Problem details - Write the full listing out again, word for word, but omit the pictures.

Recorded information -
+ + + + + + +

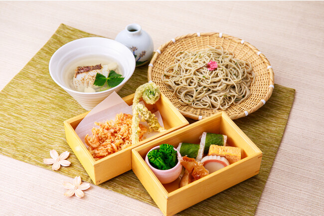 桜の葉を練り込んだお蕎麦は噛むと口の中に桜の香りが広がります。香ばしい桜エビのかき揚げに春の山菜天ぷら、風味の良い桜鯛のお吸い物蕎麦など桜づくしの御膳。春を感じながらお楽しみ下さい。
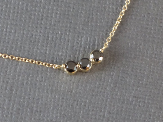 14k Gold Necklace with Black Diamonds, 3 Stone Diamond Pendant, Diamond Curved Bar, Past Present Future Necklace, Diamond Pendant.Regular price $599.00 USDRegular priceUnit price / per-
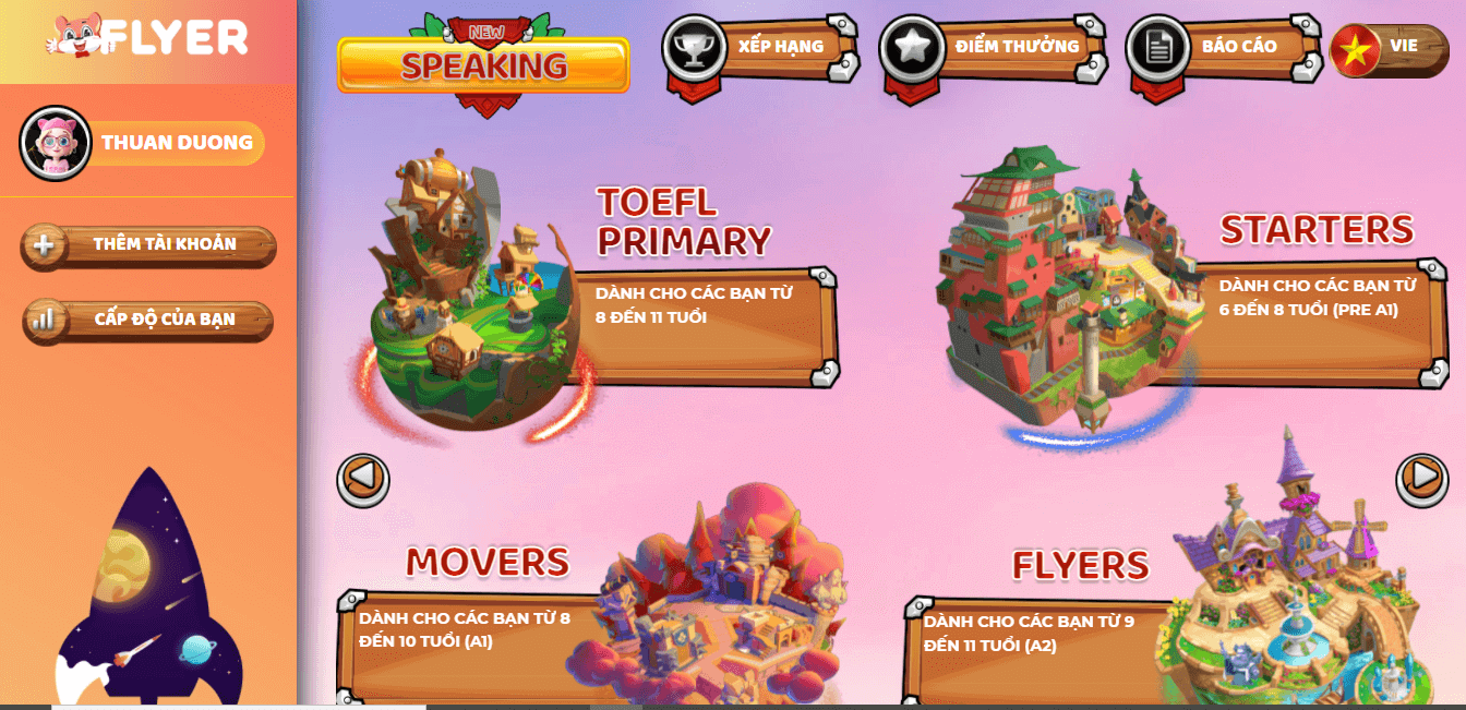 5.1. 200+ đề luyện thi Movers trên Phòng luyện thi ảo FLYER
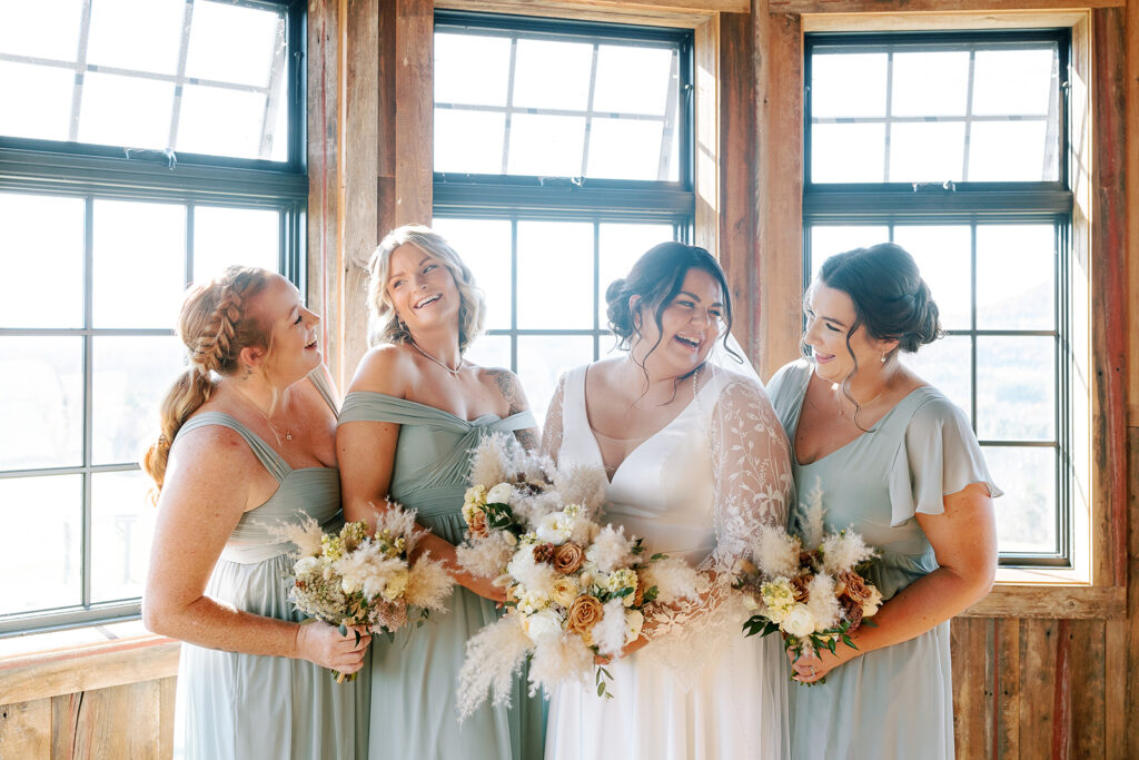 The bridal bouquet featured a stunning blend of toffee and cappuccino roses, ivory blooms, and pampas accents for volume and texture. Simultaneously, the bridesmaids carried smaller, coordinating bouquets that paired beautifully with their sage green dresses. Together, the bridal party radiated joy, with their soft palettes and genuine smiles lighting up the rustic barn backdrop.

+ + + + + + +

Exercise result -
 桜の葉を練り込んだお蕎麦は噛むと口の中に桜の香りが広がります。香ばしい桜エビのかき揚げに春の山菜天ぷら、風味の良い桜鯛のお吸い物蕎麦など桜づくしの御膳。春を感じながらお楽しみ下さい。
 14k Gold Necklace with Black Diamonds, 3 Stone Diamond Pendant, Diamond Curved Bar, Past Present Future Necklace, Diamond Pendant.Regular price $599.00 USDRegular priceUnit price / per-
 5.1. 200+ đề luyện thi Movers trên Phòng luyện thi ảo FLYER
 The bridal bouquet featured a stunning blend of toffee and cappuccino roses, ivory blooms, and pampas accents for volume and texture. Simultaneously, the bridesmaids carried smaller, coordinating bouquets that paired beautifully with their sage green dresses. Together, the bridal party radiated joy, with their soft palettes and genuine smiles lighting up the rustic barn backdrop.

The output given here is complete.